„Wir freuen uns auf die Bezirksliga“

Kreisliga-Meister Union Emlichheim lässt noch einmal Spannung aufkommen

Die Fußballer des SC Union standen über weite Strecken der Kreisliga-Saison auf dem ersten Tabellenplatz. Spielertrainer Edward Sabander legt nicht nur Wert auf Erfolge, sondern auch auf ansehnlichen Fußball.

ml Emlichheim. Die Fußballer des SC Union Emlichheim haben sich im spannenden Titelkampf der Kreisliga gegen den SV Wietmarschen durchgesetzt. Am Ende kam es so, wie SVW-Trainer Gert Goolkate vor der Saison prognostiziert hatte: „Es wird eine ganz enge Angelegenheit, wenn es um die Vergabe des Titels geht.“ Danach hatte es lange Zeit allerdings nicht ausgesehen. Zwar überwinterte Wietmarschen (mit zwei mehr absolvierten Spielen als der SCU) auf Platz eins der Kreisliga-Tabelle. Drei Spieltage vor dem Saisonende führte die Mannschaft von SCU-Coach Edward Sabander allerdings noch mit sechs Punkten Vorsprung auf den SVW.

„Es wäre richtig bitter gewesen, wenn wir noch in die Relegation gegangen wären“, sagte Emlichheims Stürmer Björn Brill, nachdem er und seine Mitspieler sich gerade mit einem 2:2 bei Olympia Uelsen den Kreisliga-Titel erkämpft hatten. Und während der SCU-Vorsitzende Johann Beerlink nach der Rückkehr der SCU-Fußballer auf die Bezirksebene „einfach froh“ war, blickte Spielertrainer Edward Sabander schon einmal auf die nächste Saison: „Wir freuen uns auf die Bezirksliga.“

In seinem ersten Jahr als spielender SCU-Trainer hat der Niederländer bei den Emlichheimern das Niveau noch einmal kräftig gehoben. So wurde aus dem Saisonziel, so lange wir möglich oben mitzumischen, sogar die Meisterschaft. „Ich habe versucht, mehr Fußball spielen zu lassen, das zahlt sich aus. Ich denke, dass der Titelgewinn verdient ist“, sagte Sabander. Er ist nicht nur auf Erfolge aus, sondern will den Zuschauern auch ansehnlichen Fußball bieten.

Dass seine Kicker beim Saisonfinale in Uelsen von einer großen und vor allem lautstarken Anhängerschaft unterstützt wurden, freute den Coach natürlich. „Die Unterstützung der Fans war wirklich gut; das war allerdings auch schon gegen Wietmarschen so“, sagte Sabander und fügte hinzu: „Wir sind auch für die Zuschauer und den Verein Meister geworden.“

Im Hinblick auf die Herausforderung in der Bezirksliga weiß er, dass sein Team noch weiter zulegen muss. „Wir haben eine gute Mannschaft, aber das Niveau im nächsten Jahr muss höher werden“, sagt der Spielertrainer. Er ist der Ansicht, dass sein Team in der neuen Spielklasse wird mitspielen können, trotzdem sagt er auch: „Eigentlich müssen wir den Kader verstärken. Man braucht aber nicht nur mehr Spieler, sondern auch Qualität.“ Für den Coach ist grundsätzlich nicht nur die Stammelf wichtig, „sondern der ganze Kader“.

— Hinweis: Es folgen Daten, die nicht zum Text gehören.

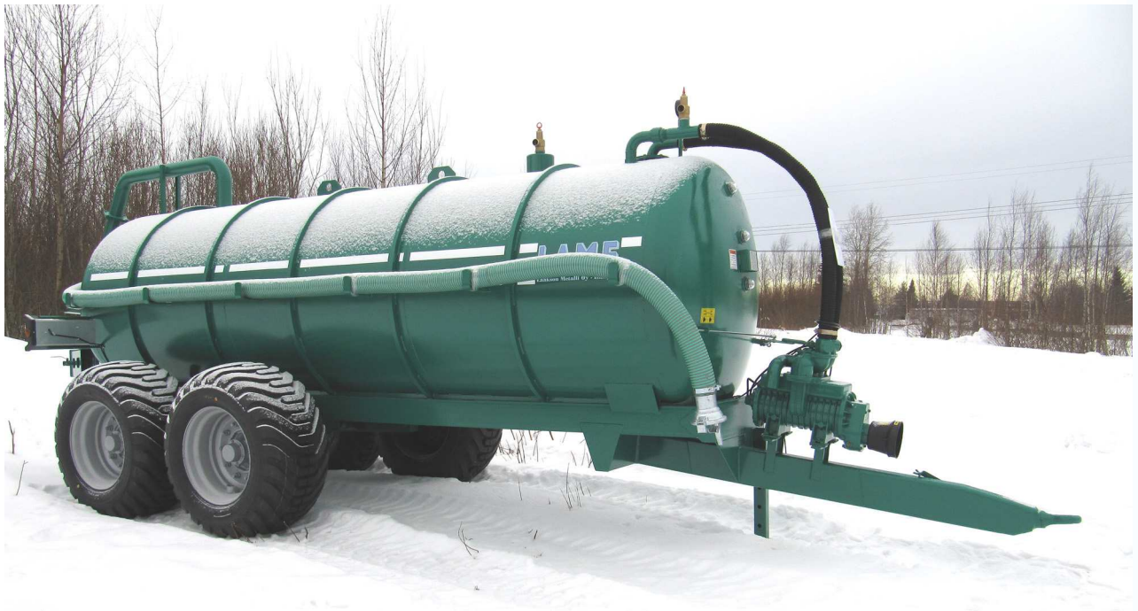
Tilavuus: 7900 l Keinuteli 550/45-22.5 renkailla Tyhjiöpumppu: 8000 l/min
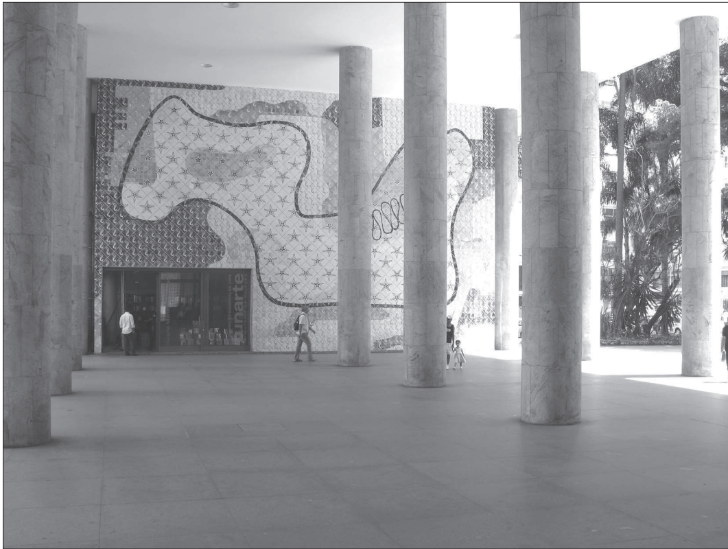
7. Lucio Costa, Oscar Niemeyer z zespołem, Ministerstwo Edukacji i Zdrowia (1937–1943), Rio de Janeiro (RJ), widok kompozycji plastycznej w podcieniu gmachu z wykorzystaniem płytek azulejos (autorzy: Candido Portinari i Paulo Rossi Osir)
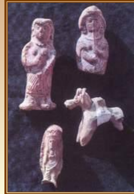
Терракотовые статуэтки I-VI вв н. э. Самарканд и его окрестности

Распространение в Индии буддизма «великой колесницы» способствовало появлению обширного пантеона святых бодхисатв. Массовые находки терракотовых статуэток говорят о широком спросе на произведения искусства, связанного с буддизмом.
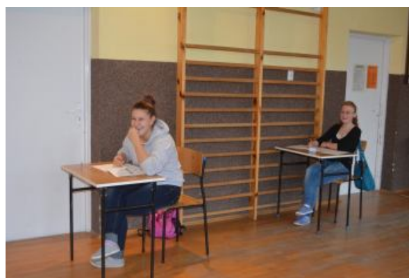
Dzisiaj przy pierwszym stoliku
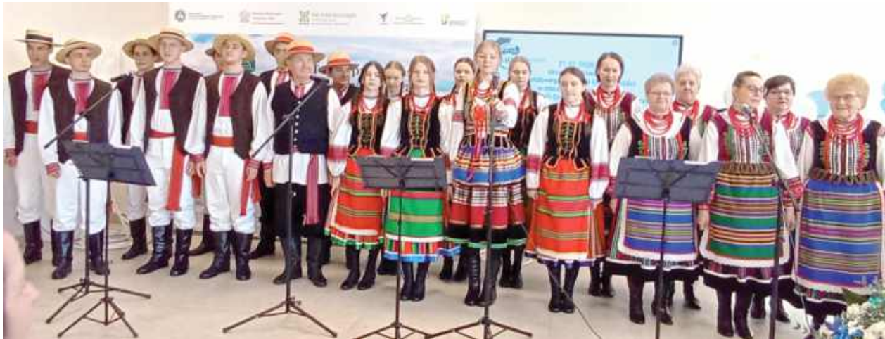
Wydarzenie uświetnił swoim występem Zespół Kalina z Jabłonia, który zaprezentował się wspólnie z zespołem młodzieżowym ZSKCR w Jabłoniu

Jabłoń: W Zespole Szkół Centrum Kształcenia Rolniczego im. Augusta Zamoyskiego w Jabłoniu otwarto Branżowe Centrum Umiejętności w Dziedzinie Energetyki Odnawialnej- Bioenergetyki. Uroczystość odbyła się 21 stycznia

Und auch wenn der Coach den Fokus vor dem Gewinn der Meisterschaft in Uelsen auf die 90 Minuten Fußball gegen die Olympia-Mannschaft gerichtet hatte, so waren die Emlichheimer in Sachen Titelfeier natürlich nicht unvorbereitet. Die Niedergrafschafter bejubelten Meisterschaft und Bezirksliga-Aufstieg ausgelassen auf dem Spielfeld – natürlich mit den mittlerweile obligatorischen Insignien eines Titelträgers, Sektflaschen und Meister-Shirts. Mittendrin war einer, der nicht nur am Sonntag mit seinen beiden Treffern, sondern in der gesamten Saison entscheidenden Anteil am Erfolg hatte: Christian Schonhoff. Der Angreifer erzielte in 28 Spielen insgesamt 37 Tore und es war fast schon etwas kurios, dass ausgerechnet der absolute Toptorjäger in der Endphase des Spiels in Uelsen den Ball beim Stand von 2:2 aus kurzer Distanz nicht im Gehäuse unterbrachte. Hätte Schonhoff in bekannter Manier getroffen, wäre der Titelkampf allerdings nicht buchstäblich bis zum Schluss spannend gewesen …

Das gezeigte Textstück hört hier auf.